MUSIN’S AND THINKIN’S
A MONTHLY STROLL DOWN FOLKSY BYWAYS
with Jack Pendarvis
After putting the grandchildren to bed, there is nothing I like better than sitting on my wraparound porch in the gathering dusk, gently tapping my old meerschaum against the arm of my favorite rocking chair to dislodge the cold ash embedded within.
Oft times I will spy a young deer at the edge of my property, bending to graze upon a tender huckleberry shrub. On evenings such as these, as I rest and contemplate, my thoughts invariably drift to Henry David Thoreau, and what a weirdo he was.
One night, in fact, I may have had too many heavy sweets with my dinner, or perhaps it was the Welsh rarebit, or the jeroboam of champagne I consumed, but I swore as I began to doze that a hazy figure walked toward me across the lawn, coming from the direction of my ancestral woods, and as this figure neared, I saw that it was none other than Henry David Thoreau himself.

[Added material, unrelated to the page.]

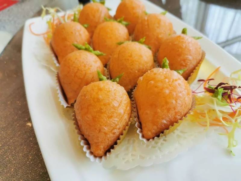 胡蘿蔔泥和面做出來的甜品,個個像飽滿的胡蘿蔔,插上綠葉惟妙惟肖,咬開,裏面還有著紅豆餡料,作爲一道新年餐桌甜品,贊了!

Keats tells us that “things semi-real” require “a greeting of the spirit to make them wholly exist.” It was with this in mind that I shouted a friendly “hallo” to my spectral visitor and bade him enjoy a respite in the rocking chair next to mine.
“Don’t mind if I do,” he said. Hearing his crisp New England intonation, I no longer harbored any doubt that this was the very man.